In [35] SVM Weighted Area, unless the recipient’s operational curve includes a variation of the breast cancer learning ensemble, the breast cancer learning ensemble is not included (AUC). Six C-SVM and v-SVM kernel functions can be added to the standard model package. It was demonstrated that the proposed model considerably improves breast cancer diagnosis. The accuracy of the model was 97.68 percent.

In [36], five distinct phase-based techniques for WBCD data processing were utilized. They published a report regarding the relationship between classifications without using a feature selection scheme. 70%, 76.33%, and 66.33% of the time, respectively, are generated by the NB, RepTree, and K-NNs. They process their results using the Weka platform. With the deployment of particle swarm optimization (PSO), the four most advantageous characteristics for this categorization function were determined. With PSO, the precision rates for NB, RepTree, and K-NN were 81.3%, 80%, and 75.3%, respectively.

In [37], researchers constructed a model utilizing a Normalized Multilayer Perceptron Neural Network to accurately identify breast cancer. The obtained results are exceptional (accuracy is 99.27 percent). In comparison to other studies employing Artificial Neural Networks, this result is extremely encouraging. As a control test, Breast Cancer Wisconsin (Original) was utilized.

In [38], a new deep Feedforward NN model with four AFs was presented for breast cancer classification: Swish, hidden layer 1; LeakyReLU, hidden layer 2; ReLU, hidden layer 3; and naturally Sigmoidal final feature layer.

The study serves dual purposes. This research is the first step toward a deeper understanding of Deep Neural Networks (DNN) with layer-wise different AFs. Second, research is being performed to study more accurate DNN-based systems for generating breast cancer data prediction models. The system was therefore validated using the UCI benchmark dataset WDBC. Multiple simulations and testing outcomes indicate that the proposed technique outperforms the Sigmoid, ReLU, LeakyReLU, and Swish activation DNNs in terms of a variety of parameters.

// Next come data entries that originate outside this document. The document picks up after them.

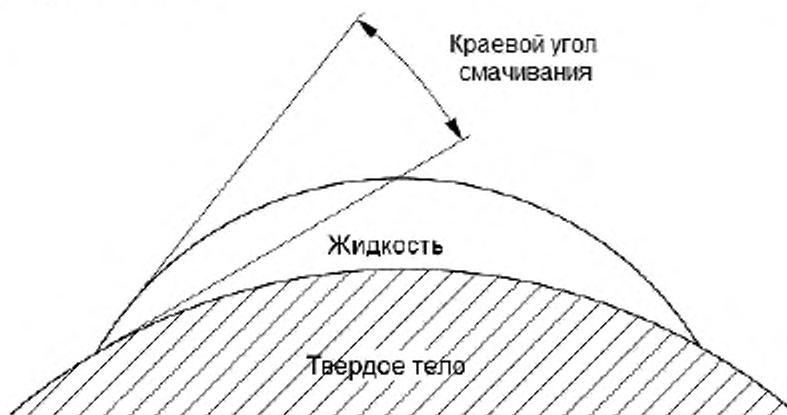
Рисунок 1 — Схематичное изображение краевого угла смачивания

3.2 краевой угол смачивания (contact angle): В общем случае, угол, образуемый двумя плоскостями, касательной к поверхности жидкости и границе разделения «твердое тело-жидкость», при их пересечении (см. рисунок 1). Частным случаем является краевой угол смачивания жидкого припоя с поверхностью твердого металла.
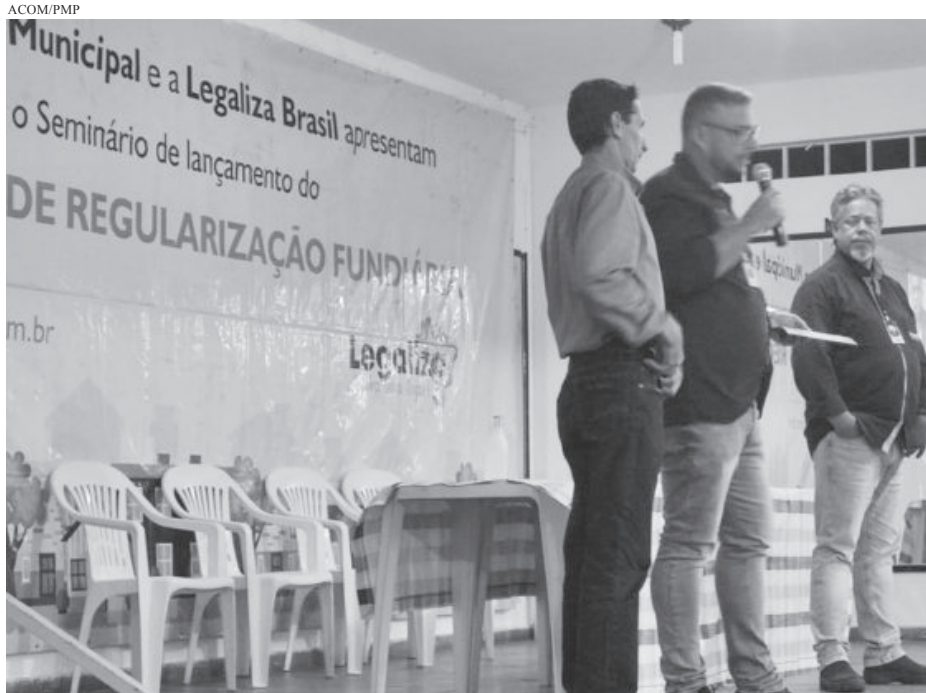
O processo de regularização fundiária no Município teve início com a realização de um seminário

O processo de regularização fundiária no Município teve início
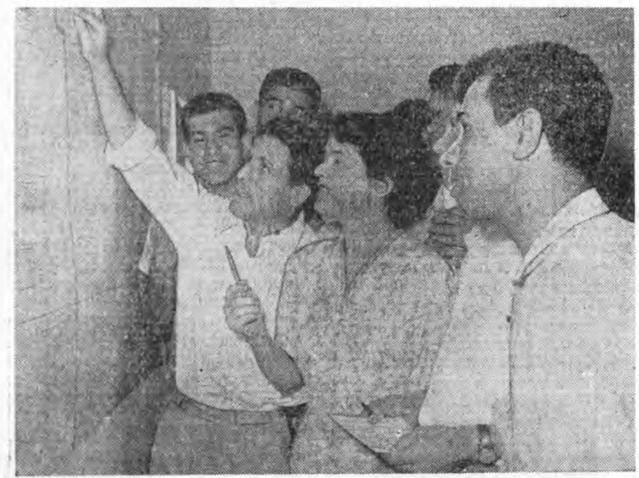
БАГДАД. Ирагай Республика Советскэ Союзһаа материална, техническэ туһаламжа абажа байдаг. СССР-эй дээдэ хургуулинуудта Ирагай студентүүд хурадаг. Ирагта элдэб промышленна предприятинуудыг болхохо проектнуудыг зохёолдог, тэдэниг барилгада Зураг дээрэ: Багдадта электростанци инженерүүдыг советскэ мэргэжэлтэд
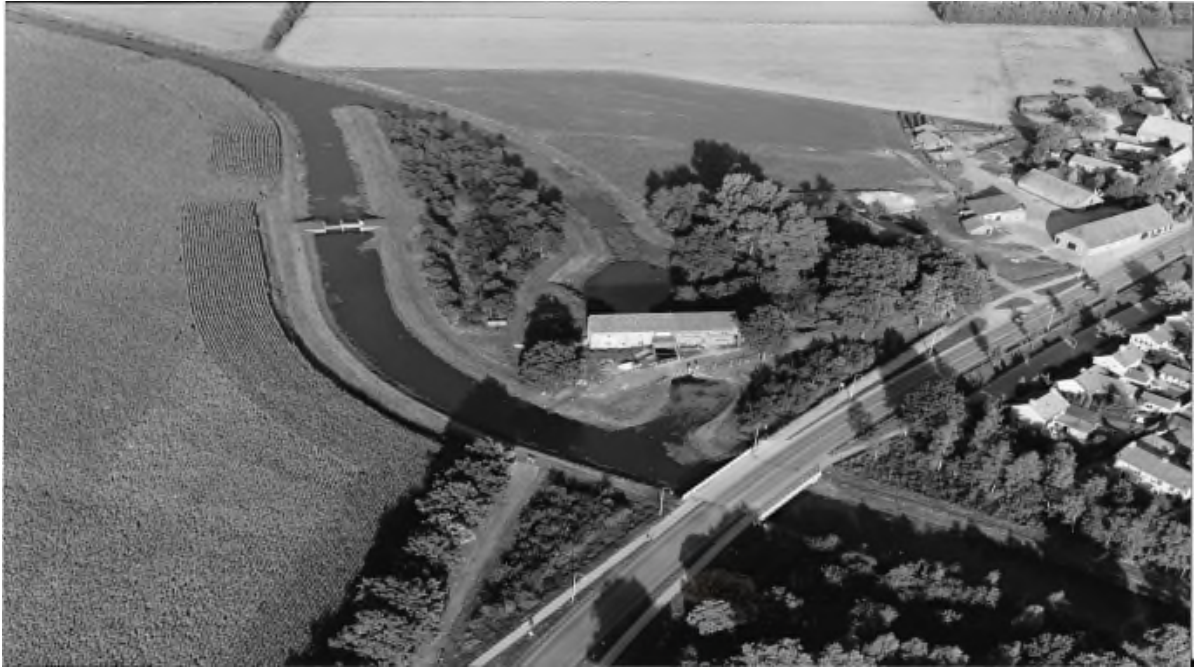
Luchtfoto van het complete complex. Met daarin duidelijk zichtbaar de stuw in het afwateringskanaal. De foto is rond 1960 genomen.

In [39] to build models for identifying the two types of breast cancer, researchers employed four distinct classification models, including SVM, KNN, Nave Bayes, and DT, with attributes chosen at varying threshold levels. The suggested methodologies were applied to distinct gene expression datasets to evaluate and validate their performance. The Support Vector Machine algorithm effectively classified breast cancer into triple negative and non-triple negative subtypes with fewer misclassification errors than the other three algorithms evaluated. Table 1 presents a list of publications comparing parameters, Accuracy, and various algorithms for breast cancer diagnosis.

images

5 Preprocess of Data Mining

ML approaches can separate the learning process into two groups: unsupervised and supervised. Diverse data instances are employed and tagged to achieve optimal performance for training the system for unsupervised instruction. However, there are no predetermined knowledge sets available in education, making the goal impossible to attain. The results are not anticipated. Classification is one of the most prevalent forms of regulated schooling. It utilizes previous data to establish a benchmark for future forecasts. Utilizing historical data. In the realm of medicine, clinics, and hospitals keep huge databases containing patient histories and symptom diagnoses. Using this knowledge, researchers then develop categorization models based on historical events. Thus, medical inference with the aid of computers has gotten simpler, given the sheer volume of medical data available today [40].

5.1 Neural Network

An artificial neural network’s reduced sight is a knowledge-based computational algorithm. The meaning and function of ANN are identical to those of the human brain. The observation of raw data reveals correlations and broad patterns [8]. There are relationships between the network’s weight and nodes. There are four hidden layers in the neural network: center, input, and output. Each of these layers is connected to the neural network using a weight connector [41]. This research presents a neural network that employs multilayered vision and backpropagation. In the back spreading network, there are three distinct layers (input, hidden, and output) in which a signal traverses one path such that it does not return to its source after conveying the neuronal output from the input neuron. Fig. 1 illustrates the neural network.

images

Figure 1: Back propagation neural network

5.2 K-Star Classification Algorithm

K-star, often known as K*, is an instance-based classifier. Using a correlation function, this approach attempts to determine if the instance is connected to any of the training datasets. This method differs from other instance-based learners since it uses an entropy-based function. This function classifies the circumstance by allocating it to a predefined and classed data set model. The crucial aspect of this hypothesis is that similar circumstances impart similar categories [42].

5.3 Additive Regression

A meta-classifier that enhances the visual appeal of a regression-based base classifier. Every repeat offers a pattern to the residuals generated by the classifier during the previous iteration. Attaching the predictions of any reliable classifier yields the forecast. Overcoming the reduction (learning rate) parameter facilitates limit overfitting and generates a smoothing effect, but improves learning [43].

5.4 Bagging

Bagging is a method for improving the performance of classification algorithms in machine learning. This technique was described by Leo Breiman, and its name was derived from the term “bootstrap aggregation” [44]. Based on a foundational set of example data D, a classification algorithm generates a classifier H: D −1,1 for categorization within a couple of possible categories. The bagging technique generates a sequence of classifiers Hm, m = 1,..., M based on the training set’s qualities [45]. These classifiers are combined to create a composite classifier.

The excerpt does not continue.